1. Influential actor: Or influencer. Cyber operators approach influencers to maximise their reach. The different indicators for identifying influencers include active minds, trendsetters, social presence and impact, social activity, charisma, expertise, authority, number of followers and friends, etc. An actor’s influence is also measured by whether the message is shared beyond his/her/its network, and by how much, whether the actor causes others to read his/her/its message, and the speed at which the message is read and shared.

Meh, hopefully not this kind, ever.

2. Influential interaction: Can be measured by the number of times a message has been shared and/or quoted, the types of reactions caused by the messages, the number of readers/listeners reached, and if the message brings in a large group of unique visitors.

One commonly used platform on cyberspace is weblogs. Indicators for measuring influence of weblogs include the network centrality score (i.e. measures reputation of the site; is it central to a network, or just one with a limited number of contacts?) hyperlink authority score (e.g. the number of links to the blog), site traffic score (i.e. number of visitors), and community activity score (e.g. number of comments that the blog evokes).

3. Influential social networks: Indicators include the social distance between two actors, reciprocity, multiplexity, size of the network, density, connectivity, centrality, emotional value, group cohesion, and clustering.

After determining social influence, the next step is usually differentiating between legitimate and malicious influence operations. This can be very context-dependent, especially since what is legitimate in one context may not be so in another. It is usually clearer if cyber tools (e.g. the use of bots), foreign intervention and fake news are involved. The next challenge then is to be able to identify that such means were used.

The following are additional parameters that may be used to identify a cyber influence operation:

1. Use of avatars, bots and trolls: Avatars are virtual identities in social media, which hide their operators’ true identity. Bots are small agents, which are programmed to automatically respond to specific posts or publish automatic posts to promote their programmed idea/product. Tactics to identify bots include spotting traits like a sleepless account, engaging in high-volume tweeting, replying to content with certain keywords, using stolen profile images, having unreal profile names, showing significant gaps in account activity, etc.

2. Publishing of posts and news outside of the country: It is more legitimate when people try to convince other people and promote their own ideas or beliefs, as long as this is done in their own country or done from another country but without hiding their identity. But if someone from another country impersonates a local citizen, it is suspicious and should definitely be investigated.

3. Publishing fake news: Researchers from Stanford found that 62% of American adults get their news from social media, with most of the most popular fake news stories being shared on Facebook, and that many people exposed to these fake news stories reporting that they believe them.
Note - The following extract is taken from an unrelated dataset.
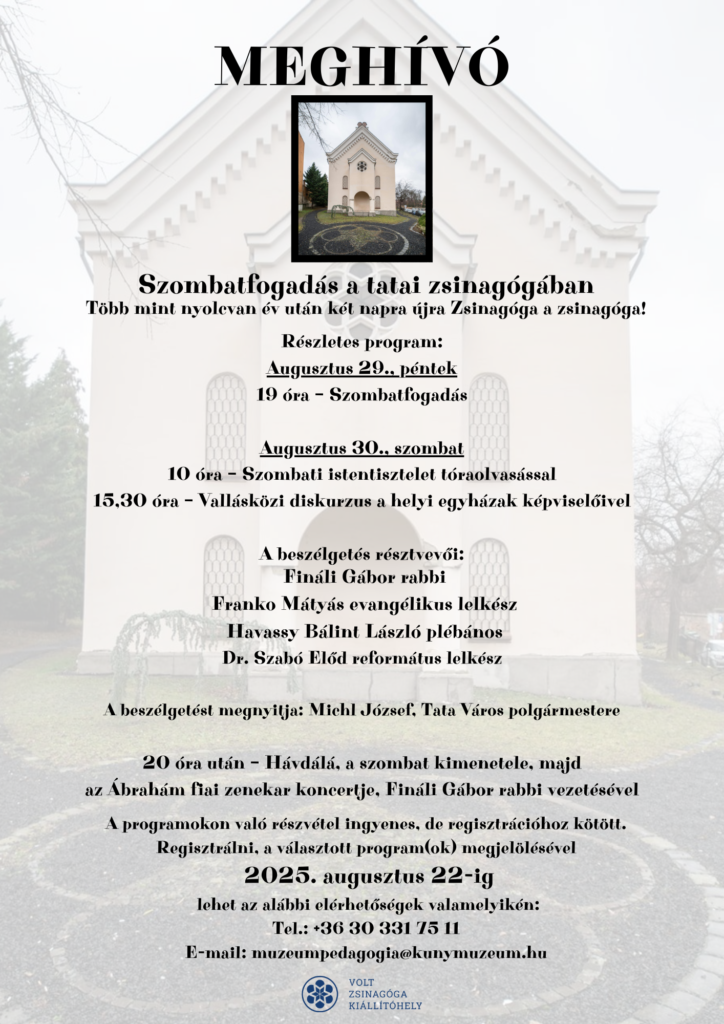 2025. augusztus 29-én és 30-án szombatfogadás, tóraolvasás, zsidó szokások szerinti imák és vallásközi diskurzus Tata közel 165 éves zsinagógájában.
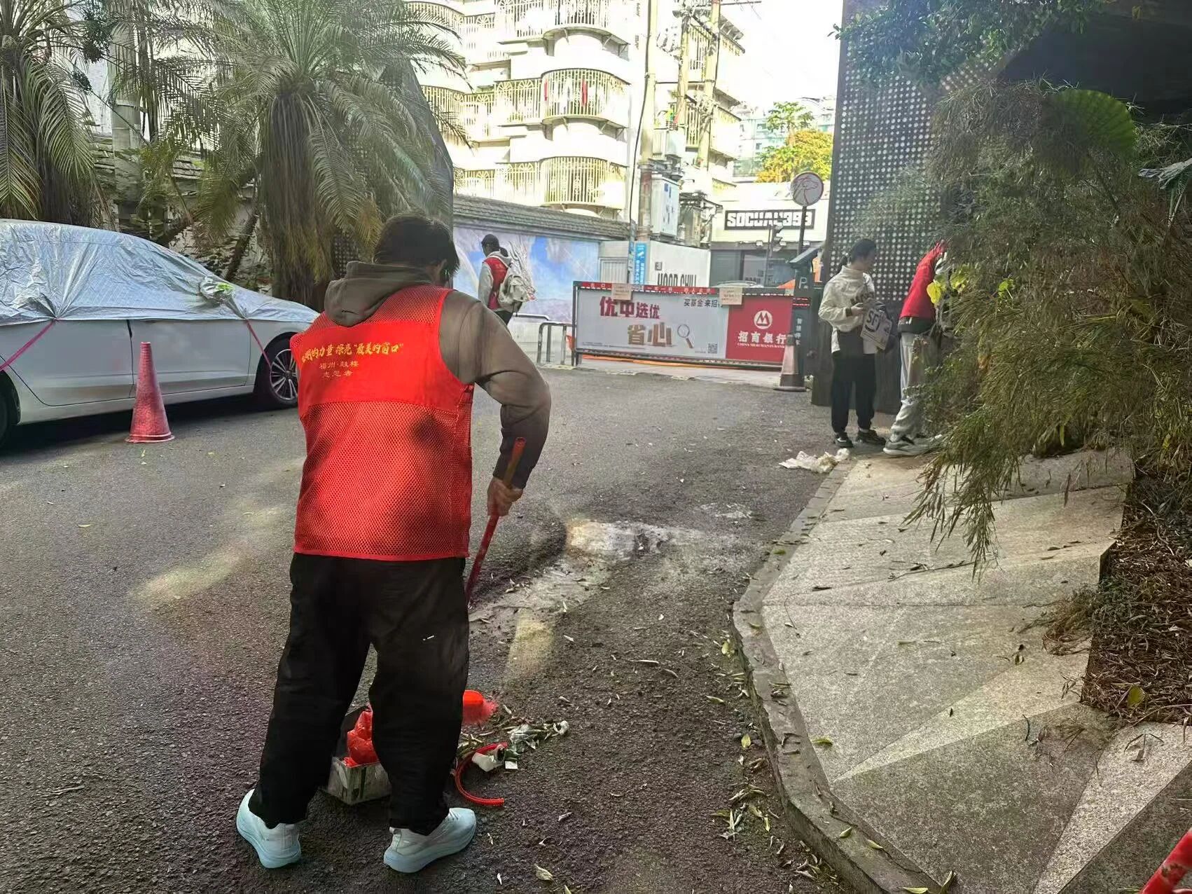 活动现场,一抹抹鲜亮的“志愿红”成为社区最动人的风景线。团支部成员们穿着统一志愿服装,携带扫帚、簸箕、垃圾桶等工具,在社区工作人员的指引下有序投入清洁工作。社区清洁组穿梭在花坛步道间,细致清理散落落叶、白色垃圾与杂物;护河行动组则聚焦于河道周边,俯身捡拾沿岸漂浮物、枯枝与散落杂物,合力清运垃圾,用双手还原河道水清岸绿的整洁风貌,切实改善社区生态环境。

There is good reason to believe that fake news stories are a good tactic and hence, are a good indicator to identify cyber influence operations.

4. A sudden change of public opinion: Changes of public opinion in a short period may indicate foreign intervention, as changes in opinion tend to be gradual. For example, if a leading candidate loses his/her lead in a day or two, this might indicate external intervention.

5. Publishing radically negative phrases: Such language might indicate an incitement operation. One example of a red flag is if a political group’s credibility is questioned through the use of extremely negative expressions.

It is important to note that a cyber influence operation is not identified through just one indicator, but through a consideration of multiple factors and context.